--- INPUT RECORDS Enclosed Below ---

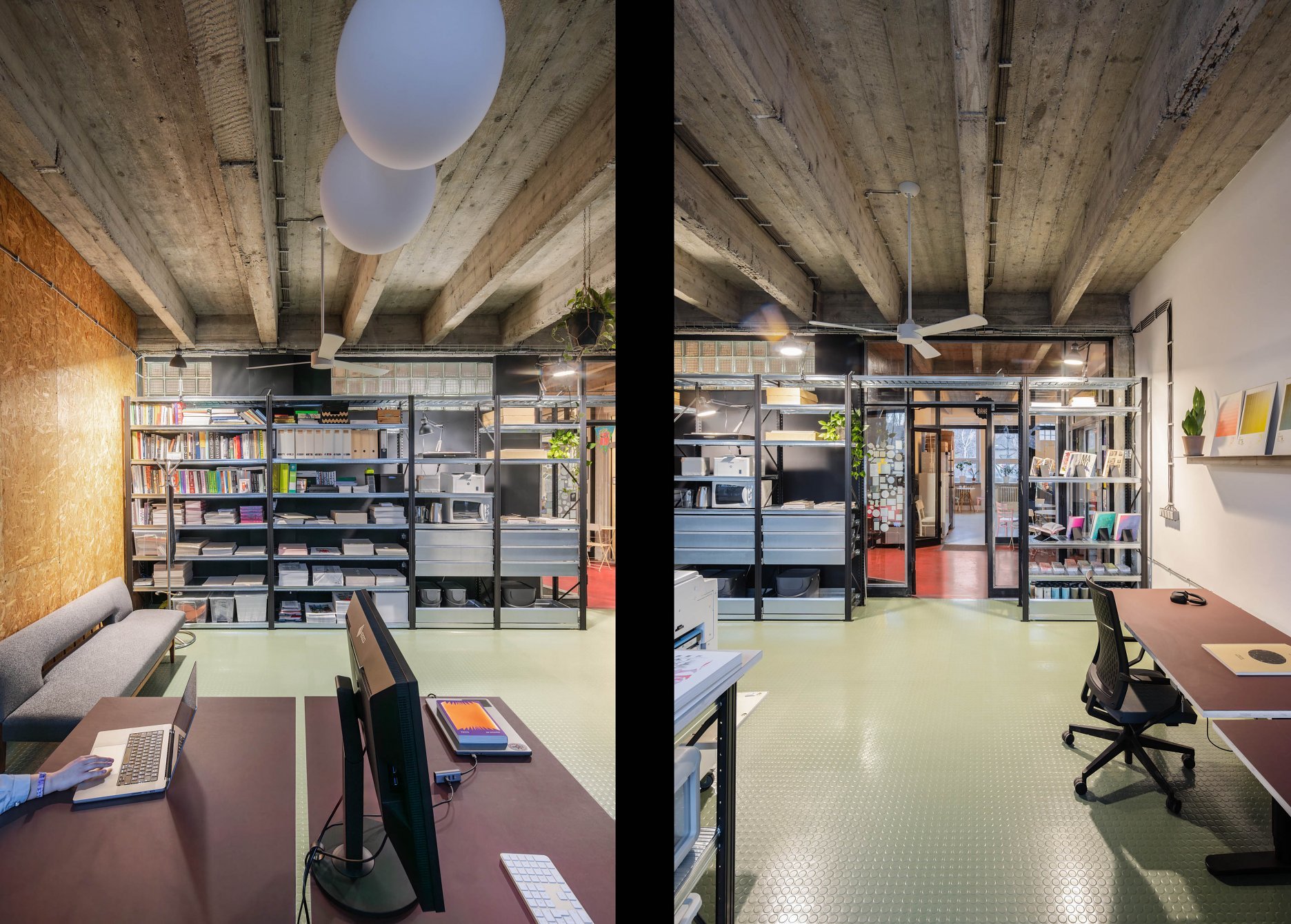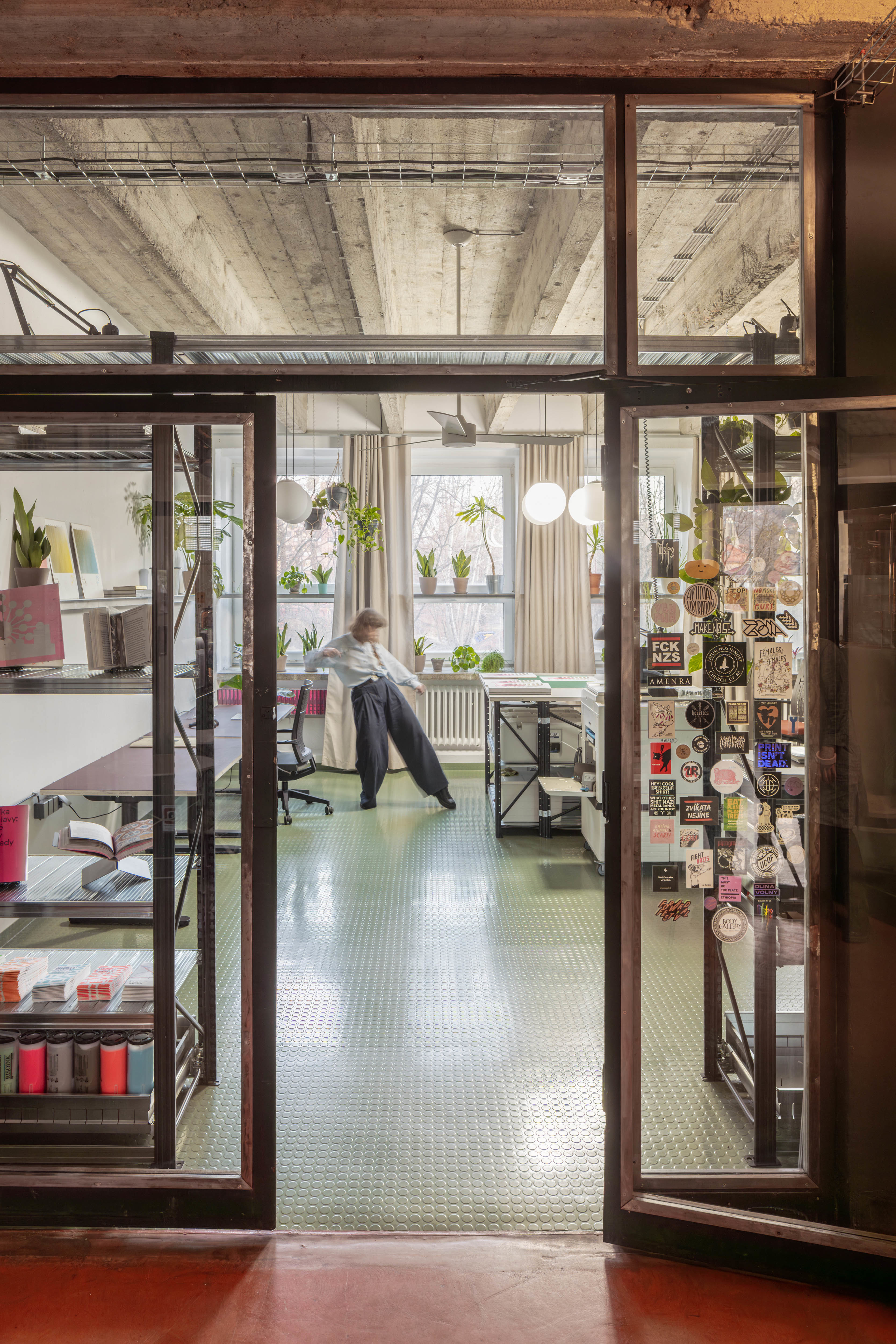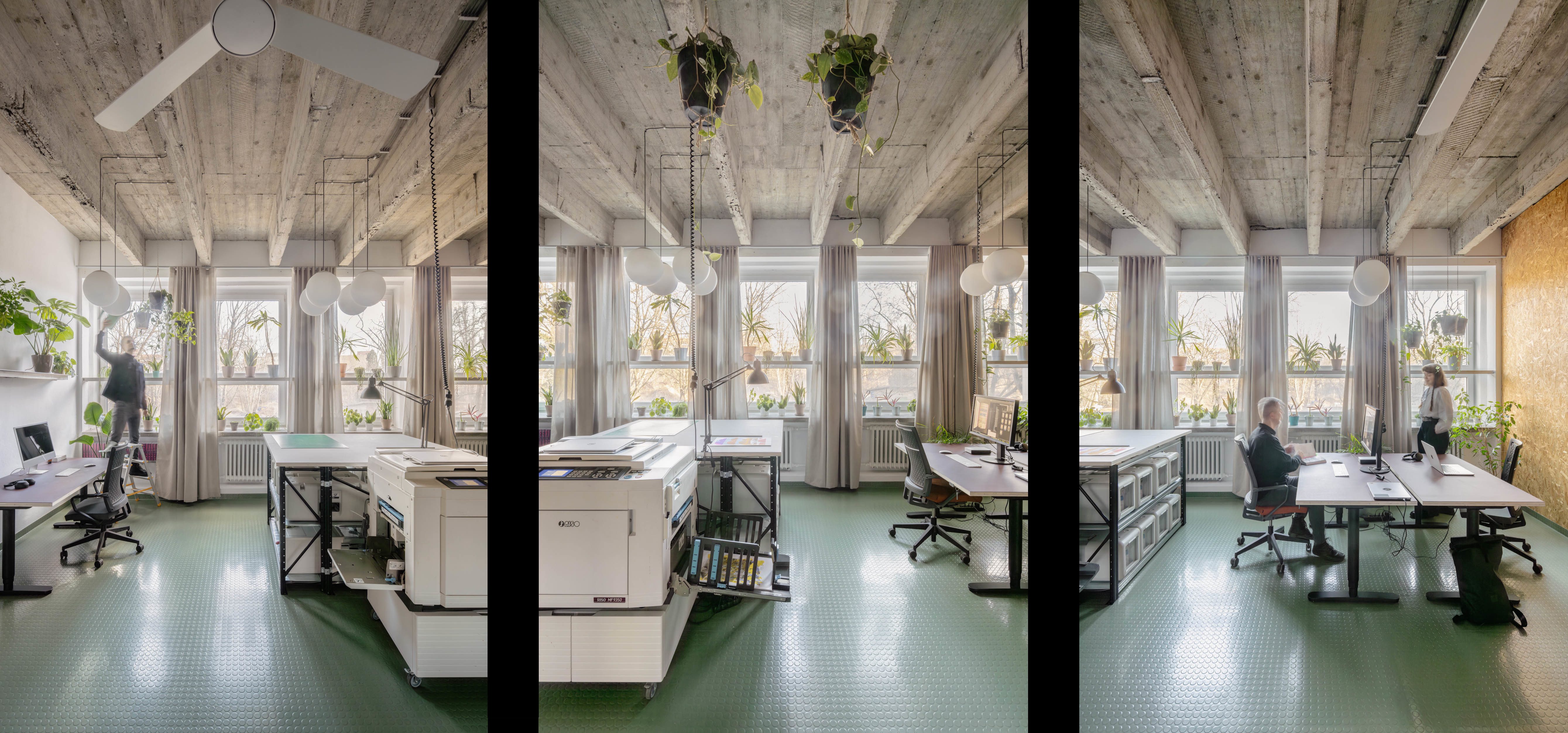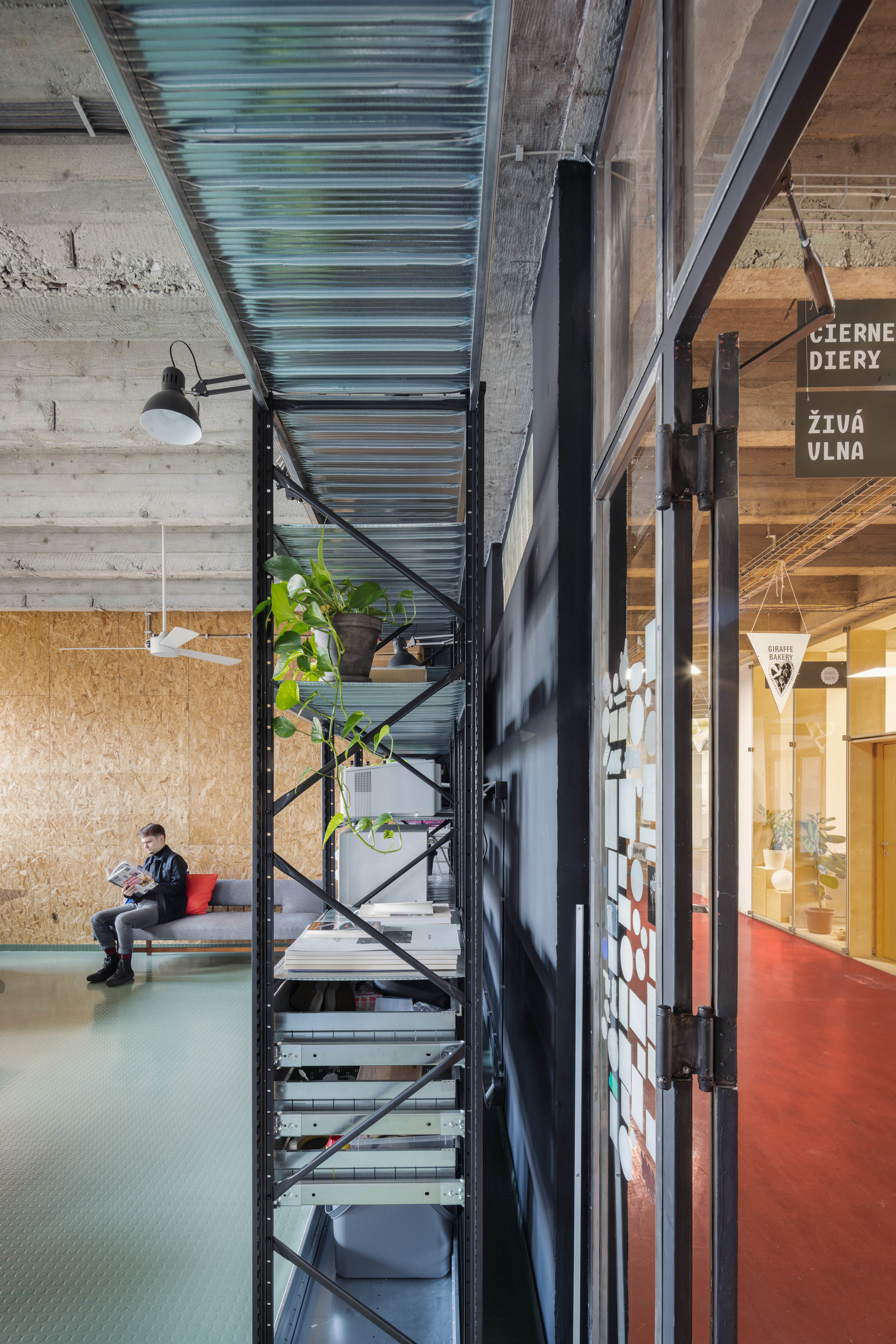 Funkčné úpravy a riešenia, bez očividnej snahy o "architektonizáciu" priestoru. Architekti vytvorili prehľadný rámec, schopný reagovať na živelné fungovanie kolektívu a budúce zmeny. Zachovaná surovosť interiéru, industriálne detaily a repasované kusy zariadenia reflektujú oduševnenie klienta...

--- End of Enclosed INPUT RECORDS ---
--- INPUT RECORDS Enclosed Below ---

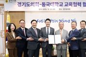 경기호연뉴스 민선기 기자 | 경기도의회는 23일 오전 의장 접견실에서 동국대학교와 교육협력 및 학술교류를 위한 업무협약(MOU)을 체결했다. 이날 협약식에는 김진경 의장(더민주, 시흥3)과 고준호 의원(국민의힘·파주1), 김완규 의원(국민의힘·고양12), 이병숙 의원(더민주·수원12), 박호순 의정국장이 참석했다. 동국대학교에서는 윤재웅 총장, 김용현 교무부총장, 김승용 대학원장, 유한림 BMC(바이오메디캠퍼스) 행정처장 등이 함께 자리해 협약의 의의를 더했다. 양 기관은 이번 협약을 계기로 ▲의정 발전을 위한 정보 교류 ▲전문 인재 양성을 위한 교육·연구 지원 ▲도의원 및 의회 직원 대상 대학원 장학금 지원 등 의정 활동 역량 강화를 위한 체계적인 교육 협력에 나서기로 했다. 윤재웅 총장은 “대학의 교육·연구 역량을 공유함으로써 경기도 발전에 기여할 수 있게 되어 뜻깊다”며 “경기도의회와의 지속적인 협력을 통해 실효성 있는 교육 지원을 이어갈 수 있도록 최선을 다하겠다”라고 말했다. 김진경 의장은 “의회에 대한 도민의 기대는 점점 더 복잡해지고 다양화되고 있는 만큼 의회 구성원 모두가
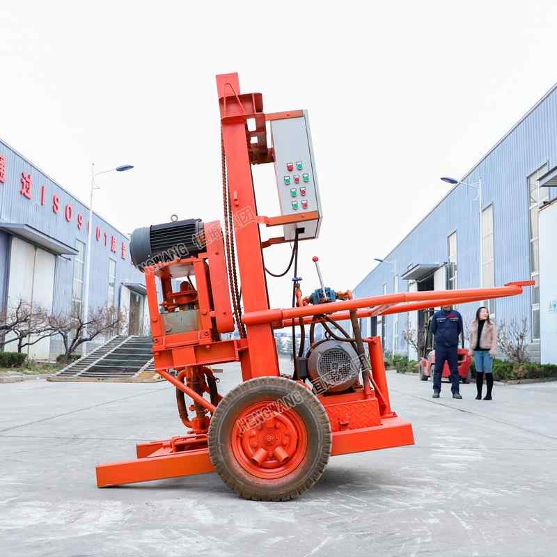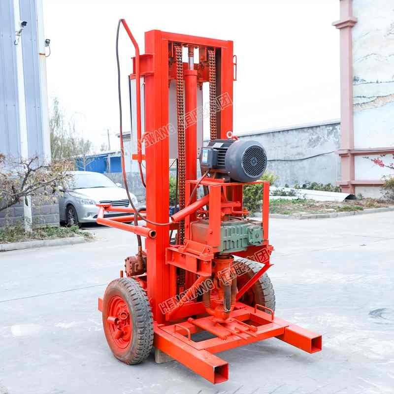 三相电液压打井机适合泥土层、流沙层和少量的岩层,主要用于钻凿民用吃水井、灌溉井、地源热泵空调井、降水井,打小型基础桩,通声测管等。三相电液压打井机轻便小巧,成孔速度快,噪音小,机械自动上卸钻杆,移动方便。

--- End of Enclosed INPUT RECORDS ---
--- INPUT RECORDS Enclosed Below ---

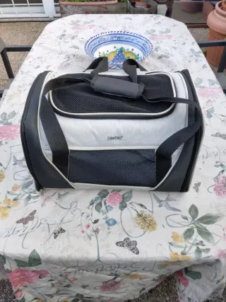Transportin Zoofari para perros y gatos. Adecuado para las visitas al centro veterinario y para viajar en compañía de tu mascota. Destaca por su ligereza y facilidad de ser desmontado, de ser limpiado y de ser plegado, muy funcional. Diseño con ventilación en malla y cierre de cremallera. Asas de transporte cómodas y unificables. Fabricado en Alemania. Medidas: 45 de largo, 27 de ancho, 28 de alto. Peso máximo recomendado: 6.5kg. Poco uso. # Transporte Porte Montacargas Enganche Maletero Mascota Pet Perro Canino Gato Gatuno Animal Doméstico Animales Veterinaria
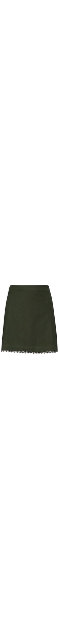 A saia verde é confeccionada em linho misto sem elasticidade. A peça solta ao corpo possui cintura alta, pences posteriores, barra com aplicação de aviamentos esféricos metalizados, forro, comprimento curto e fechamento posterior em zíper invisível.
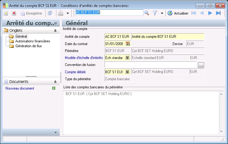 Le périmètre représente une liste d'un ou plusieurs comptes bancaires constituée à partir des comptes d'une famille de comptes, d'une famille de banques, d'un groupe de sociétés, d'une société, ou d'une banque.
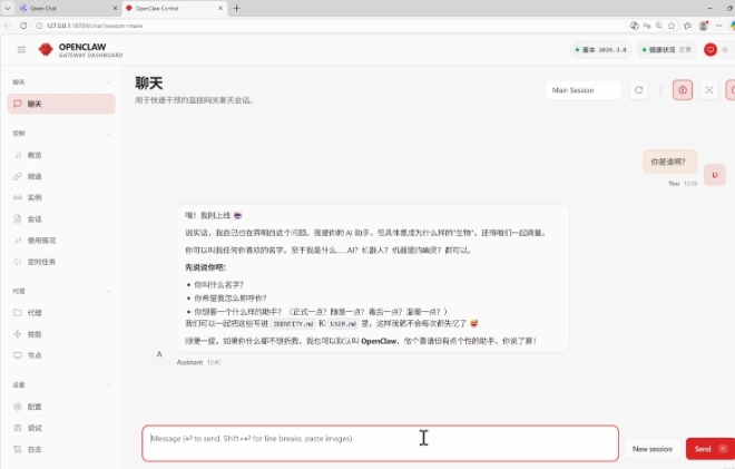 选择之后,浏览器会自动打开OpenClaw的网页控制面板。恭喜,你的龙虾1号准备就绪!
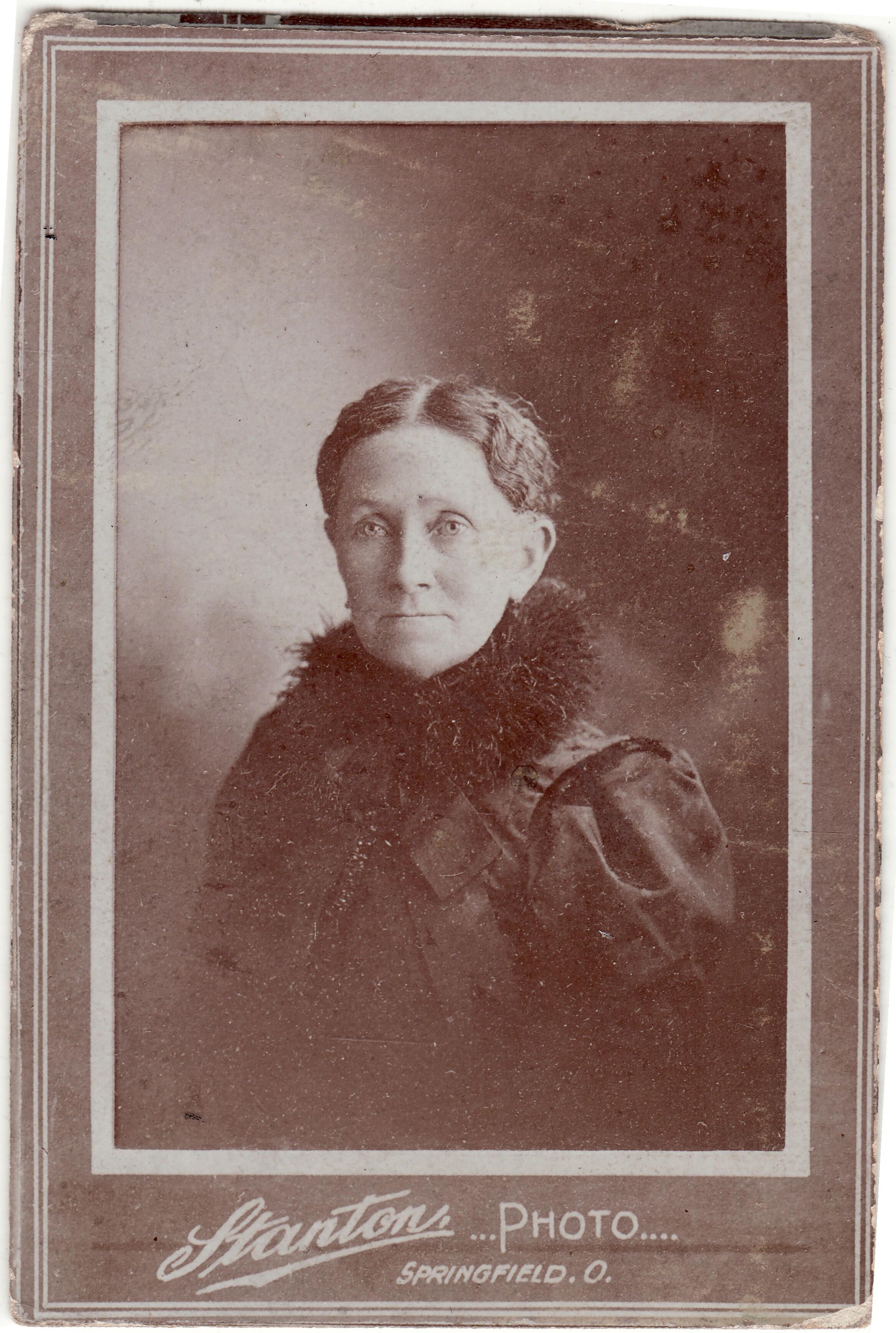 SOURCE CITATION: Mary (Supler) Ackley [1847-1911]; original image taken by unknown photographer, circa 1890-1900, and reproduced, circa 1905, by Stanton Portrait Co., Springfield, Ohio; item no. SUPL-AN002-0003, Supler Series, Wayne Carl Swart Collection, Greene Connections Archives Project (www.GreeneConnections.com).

--- End of Enclosed INPUT RECORDS ---

When copying from the data above, begin at the line containing "A saia verde" and end at the line containing "SOURCE CITATION: Mary"; return those lines exactly and leave all pictures behind.

 A saia verde é confeccionada em linho misto sem elasticidade. A peça solta ao corpo possui cintura alta, pences posteriores, barra com aplicação de aviamentos esféricos metalizados, forro, comprimento curto e fechamento posterior em zíper invisível.
 Le périmètre représente une liste d'un ou plusieurs comptes bancaires constituée à partir des comptes d'une famille de comptes, d'une famille de banques, d'un groupe de sociétés, d'une société, ou d'une banque.
 选择之后,浏览器会自动打开OpenClaw的网页控制面板。恭喜,你的龙虾1号准备就绪!
 SOURCE CITATION: Mary (Supler) Ackley [1847-1911]; original image taken by unknown photographer, circa 1890-1900, and reproduced, circa 1905, by Stanton Portrait Co., Springfield, Ohio; item no. SUPL-AN002-0003, Supler Series, Wayne Carl Swart Collection, Greene Connections Archives Project (www.GreeneConnections.com).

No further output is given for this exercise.